Desa Membangun Negeri
Kamis, 10 Sep 2020 10:19 WIB

Sekdes Cepokorejo Belum Ditahan, Puluhan Warga Datangi Mapolres Tuban

Reporter :  M. Yasin Yusuf - Kab. Tuban, Jawa Timur
Editor :  Koran Metro7

 

TUBAN, metro7.co.id – Merasa kecewa belum ditahannya Susilo Hadi Utomo, Sekdes Cepokorejo yang ditetapkan sebagai tersangka oleh penyedik Satreskrim Polres Tuban pada tanggal 18/8/2020 atas dugaan penggelapan BPNT, warga Desa Cepokorejo Kecamatan Palang Kabupaten Tuban datangi Mapolres, Rabu (9/9/2020) pukul 14.15 WIB.

Kedatangan kisaran 60 an warga tersebut untuk menayakan perkembangan kasus, sekaligus juga menyampaikan harapannya kepada aparat penegak hukum. Akan tetapi, karena mematuhi protokol kesehatan Covid-19, sehingga puluhan warga yang lain tidak diperkenankan masuk Mapolres, dan hanya 10 warga yang diizinkan.

Hadir dalam pertemuan tersebut diantaranya, perwakilan dari Polres Tuban, Kompol Budi Santoso Kabag Operasional, KBO Satreskrim, Kanit Tipikor, dan anggota Satreskrim Polres Tuban. Sementara dari warga diwakili oleh masyarakat yang mengatasnamakan Forum Keadilan Cepokorejo (FKC) dengan didampingi Pengurus Asosiasi Badan Permusyawaratan Desa Nasional (ABPEDNAS) Kabupaten Tuban.

Juru bicara perwakilan warga Cepokorejo, Eko Purnomo menyampaikan 5 poin tuntutan masyarakat kepada Polres Tuban.
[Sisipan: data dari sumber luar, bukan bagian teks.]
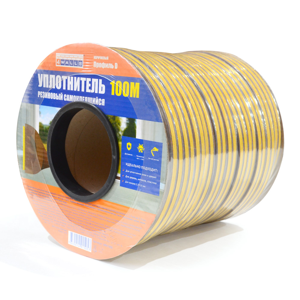 Изготовлен из вспененной EPDM резины, полиэстеровой ленты с клеевым слоем, армированных внутренних нитей из стекловолокна и защитного лайнера из специальной бумаги. Рекомендуем использовать D профиль для щелей от 3,5 до 5,5мм. Отличная защита помещения от проникновения ветра, пыли, насекомых, дыма, шума и сквозняков. Уплотнитель подходит для дерева, металла и пластика.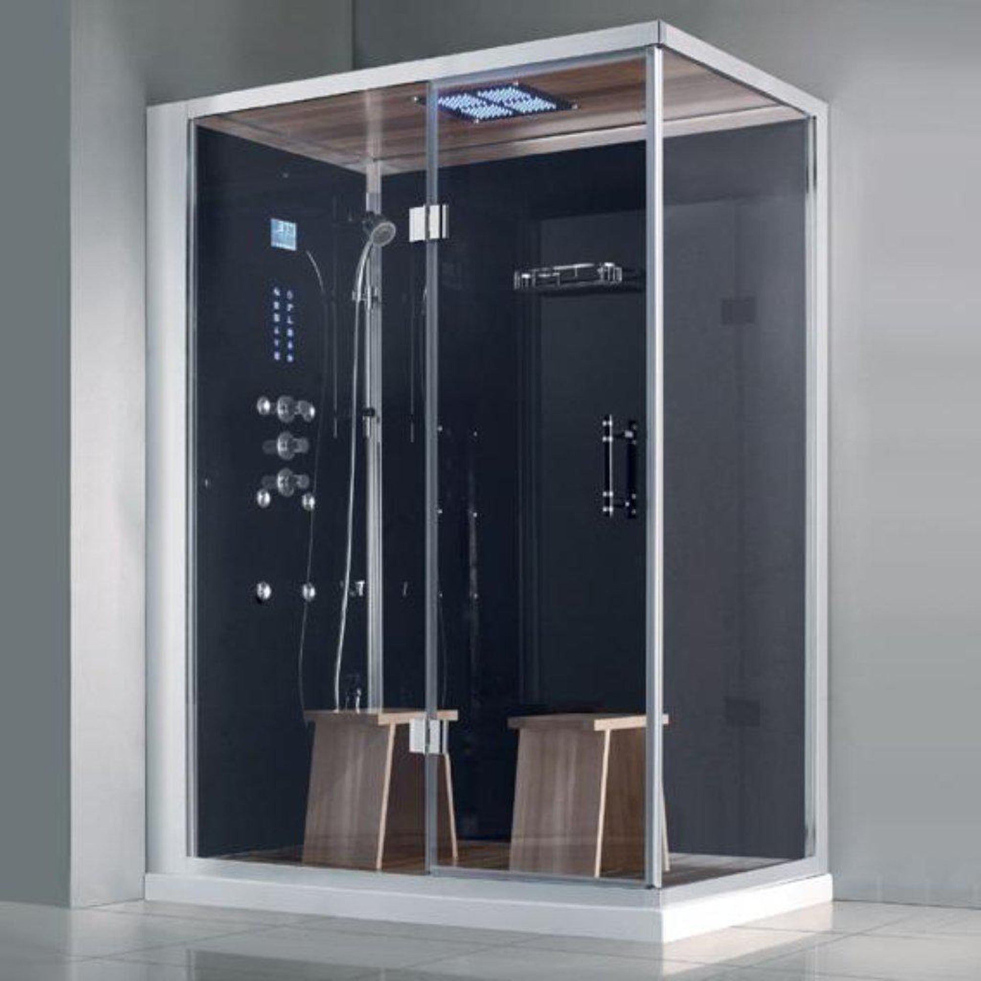 The Athena WS-141L steam shower features a high-output 4.5kW steam engine, 6 acupressure body jets, and two removable wooden stools. The WS-141L is one of our most popular luxury steam showers. Real oak wood ceiling and floor grids, combined with a heavy duty hinged glass door and polished aluminum trim add style and distinct luxury to any bathroom. Also available in a right side configuration.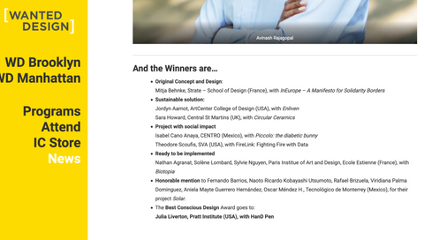 Ce workshop en ligne français-américain s'est tenu à l’initiative de Wanted Design et de l’ambassade de France aux USA. Les résultats pour Estienne sont excellents grâce à la participation de Nais et Alexiane, deux étudiantes de deuxième année en DSAA DCN. Le jury était composé d’Amélie DU PASSAGE (Petite friture) Matali Crasset, Julie Lasky (New York Times), John Edelman, Allan Chochinov (School of Visual Arts in New York City).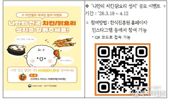 서울복지타임즈 이재연 기자 | 농림축산식품부는 2026년 3월 19일, 한국관광공사 서울센터에서 전 세계인이 가장 사랑하는 한식인 치킨을 필두로 전국의 다양한 닭요리와 지역 관광자원을 결합한 K-치킨벨트(K-미식벨트) 구축 계획을 공식 발표했다.

“Saya mewakili warga Cepokorejo, yang pertama agar Sekdes segera ditahan karena sudah dinyatakan sebagai tersangka. Kedua, Perlindungan hukum kepada KPM (Keluarga Penerima Manfaat) yang telah dilaporkan balik. Ketiga, Kenapa kasus di Cepokorejo ini adalah kasus penggelapan, harusnya korupsi. Keempat, Proses hukum harus dilakukan seadil-adilnya dan transparan. Kelima, Kezaliman kepada warga miskin harus dihukum sebesar-besarnya,” ucapnya.